If, from reading the previous blog posts and watching my videos on Instagram @somawellnessdoula you have had a light bulb moment of thinking “hhmm this is sounding all too familiar” I would strongly suggest asking your GP to test the function of your thyroid.
Getting your thyroid checked is a simple blood test that your GP can take and they might palpate around your neck to check for a goiter, I would also suggest write down your list of symptoms regardless of how crazy they may seem or unrelated, jot them down and your GP is getting a bigger overview of what is going on along with how you are feeling physically, mentally and emotionally.

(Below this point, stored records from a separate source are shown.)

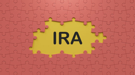 IRA individual retirement account word on puzzle pieces with missing pieces block.close up of puzzle pieces with missing pieces,Business Concept.3D rendering.
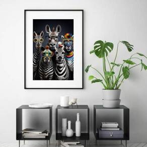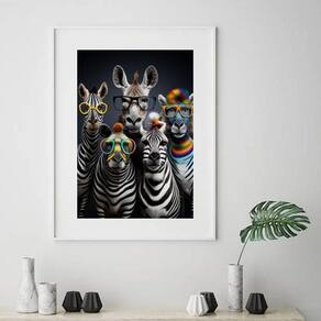 Quadro zebras modernas de óculos - 60x48cm Moldura: madeira preta Informações do produto tire todas as suas dúvidas no descritivo abaixo: decoração para quarto, sala, cozinha, escritório, área gourmet e muito mais. Chega de paredes vazias medidas - cada peça tem 60x48cm . Material do papel - papel fotográfico brilhante de altíssima resolução acabamento - todos os quadros são acompanhados de vidro para proteção da imagem. - moldura em madeira maciça na cor preta ou branca conforme produto escolhido e pendurador. - paspatur branco com 7cm de largura - os quadros são embalados de forma segura com plástico bolha com camada dupla de acordo com o tamanho dos quadros. - de 3 meses. Meu quadro chegou. Como posso fixá-lo Você precisa apenas de um martelo e um prego, pois os quadros já vão acompanhados de penduradores. Esta é a forma mais indicada. Como posso limpar meu quadro A limpeza é feita como um móvel comum da sua casa. Apenas um pano seco ou espanador são suficientes para tal Marca: Não Informado
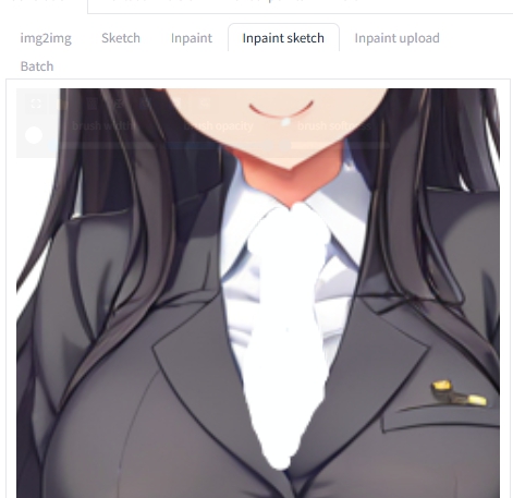肩の変なワッペンみたいなのがいらないのでinpaint sketchで塗りつぶす。
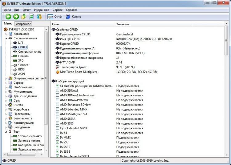 EVEREST Ultimate Edition для Windows предоставляет подробную информацию, необходимую пользователям. В число оцениваемых факторов входит тактовая частота, размер кэша, изготовитель, напряжение питания, объем памяти, режимы работы и другие данные, отвечающие за качество работы оборудования. Для оценки производительности процессора прибегают к различным тестам, среди которых:
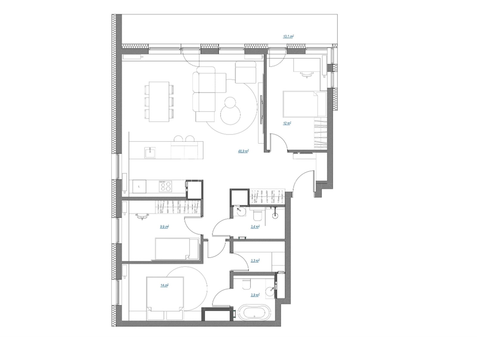 -two rooms (bedrooms, children's rooms, study) – 10m2 and 12m2
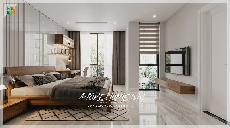 Giường ngủ được đặt chính giữa căn phòng với chất liệu bằng gỗ sang trọng hiện đại tạo cho không gian phòng ngủ nhà phố có thẩm mỹ hiện đại.
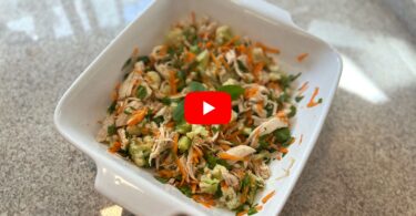 Esta salada de frango e arroz para cães está repleta de vegetais crus e saudáveis que o seu cão...
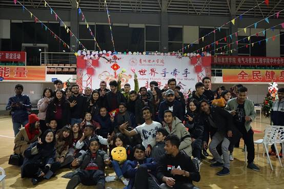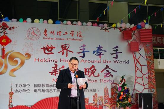 为了促进国际学生更快地融入到本校的学习与生活,增进中国学生与国际学生的交流,12月23日晚,由国际教育学院、电气与信息工程学院中外合作办学班联合举办的“世界手牵手”新年晚会在体育馆举行。贵州理工学院副院长宋建波、副院长胡兴灿、院长助理李滚及国际教育学院、电气与信息工程学院师生参加了新年晚会。

The standard thyroid function test in Ireland checks your TSH and T4 hormone levels. TSH is your Thyroid Stimulating Hormone which is produced by the pituitary gland and basically tells the thyroid gland how much or little hormones to make. T4 is the Thyroxine hormone and is one of the hormones produced by the thyroid gland. The other hormones produced by the thyroid gland is T3 which is known as Triiodothyronine. (and not forgetting the hormone Calcitonin which is thought to play a role in regulating calcium levels in the body).
It is really important that we dig a little deeper and understand the workings of the hormones a little better. You might have a lot of the symptoms of thyroid problems but yet your TSH and T4 levels are coming back within range so your doctor might say something along the lines of “all is fine with your thyroid, no need to worry!!” But if you haven’t noticed T3 is not routinely tested for in the thyroid function test. Which is disappointing and frustrating as T3 is the active hormone that our body uses.

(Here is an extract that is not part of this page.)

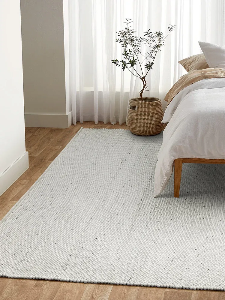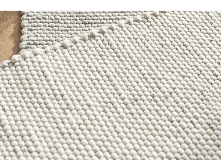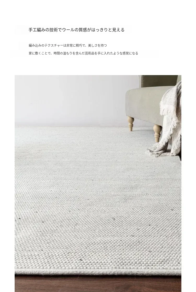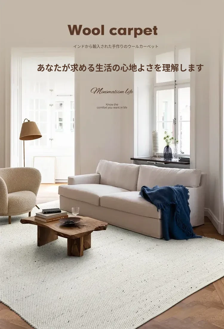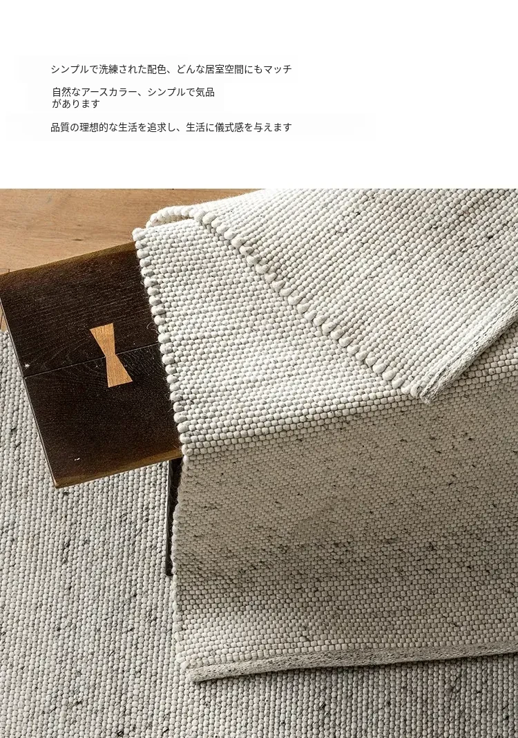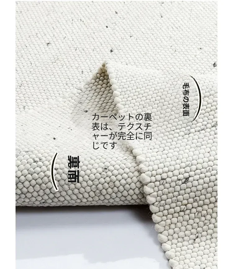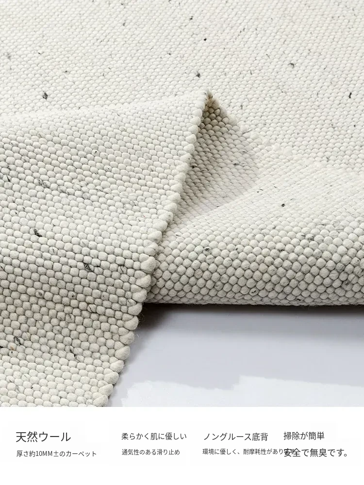 視覚と味覚を刺激するノーグルーのホワイトカーペット!モダンなウール製、手作りの和風デザイン。おしゃれなリビングや寝室にぴったりなインスタ映えするクリーム色のベッドサイドマット。
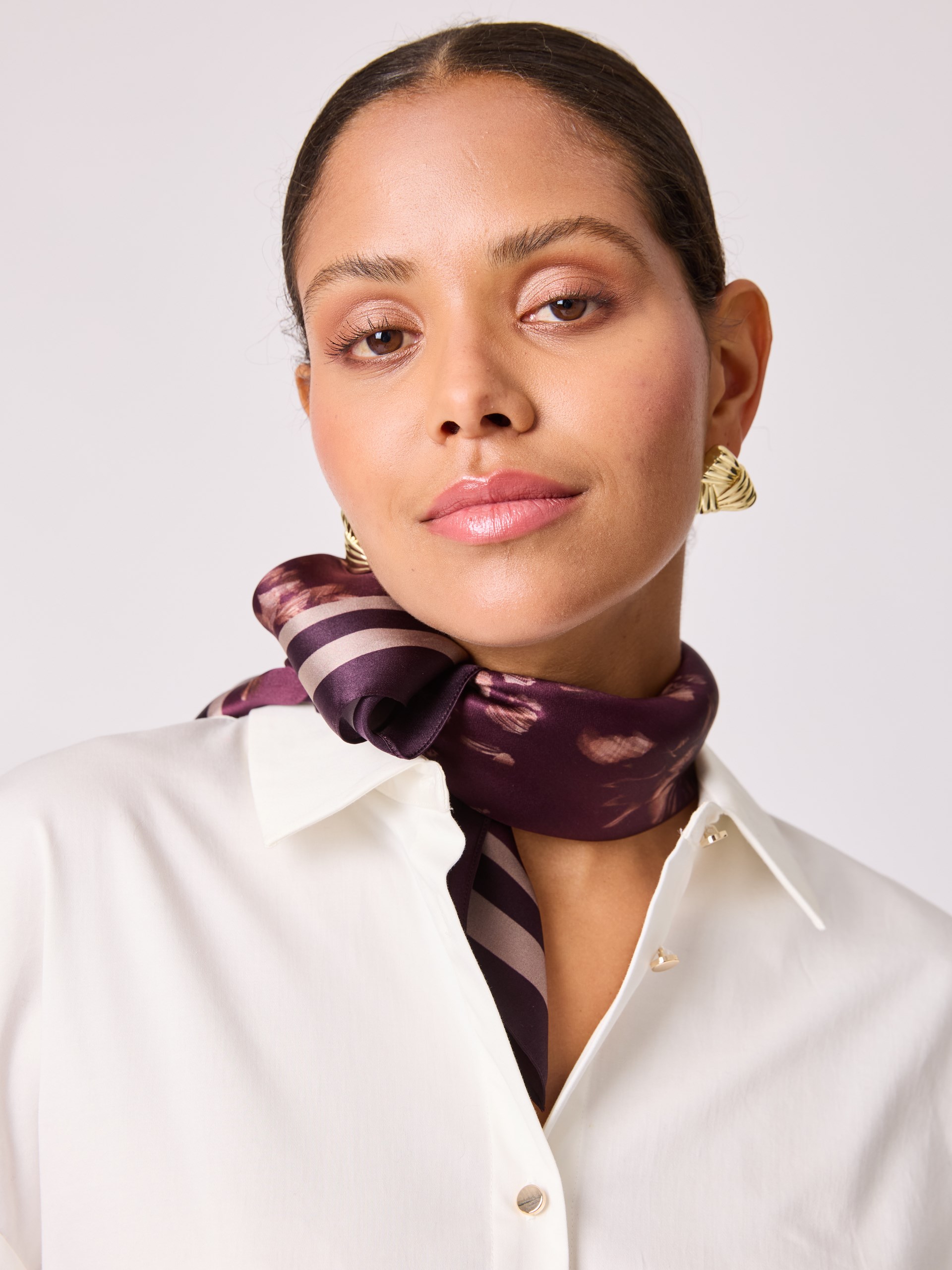 Mønstret skjerf i delikat silke. Skjerfet er 65 cm x 65 cm stort

T3 and T4 are collectively known as the thyroid hormones. T4 is a relatively inactive hormone and T3 is the active hormone, in other words it is the T3 hormone that our body uses as it is biologically active and influences the activity of all the cells and tissues of your body. Approximately 20% of T3 is produced by the thyroid gland and the remaining T3 comes from T4 being converted to T3 by the cells and tissues of the body.

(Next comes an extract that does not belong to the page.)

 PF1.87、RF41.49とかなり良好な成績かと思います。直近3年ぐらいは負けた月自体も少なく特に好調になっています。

So if you have had “normal” blood results come back and your still experiencing symptoms and nothing else is showing up in your blood work I would suggest requesting to test for T3 levels along with your thyroid antibody test. It is important to note that some people can have normal thyroid levels but their body can still be producing antibodies.
FYI from speaking with my Endocrinologist she advised me that in relation to TSH there is a normal reference range, from 0.2 to 5, however, the optimal range is 0.2 – 2.5 and for anyone trying to conceive or having fertility issues and you have been told that you are borderline underactive or that your are underactive you need to be making sure that your TSH level is at the optimal level and not just the normal level. This is a conversation I would strongly encourage you to have with your GP if it relates to you. If your not happy with their answer always ask for a second opinion and do your research.
My final piece of advice and this goes for all blood tests that you get done, is to always ask for a print out of your blood results and the ranges. It is so important to become an active participant in your own health and wellness and ask your care provider questions and get clarification if you need to.
In my own personal story I was nervous, doubting myself and unsure of “questioning” a medical professional to do extra thyroid tests, it took alot of courage to ask for the tests but I am so glad that I did. My GP was the one who initially referred me to the website www.thyroiduk.org and from there I learnt so much, it is a great place to start with and build your knowledge. There is also an Irish Facebook group called Thyroid Ireland. and also some really good information on Dr. Neville Wilson website
I hope you found the information helpful and above all it sparked something in you to begin your path to optimal health and wellness.
Sources for this blog post came from:
Disclaimer: I am not medically trained so please take the information provided here as educational purpose. I strongly recommend to go and talk to your GP, Doctor, Endocrinologist or medical profession. Start the conversation and get involved in your health and wellness.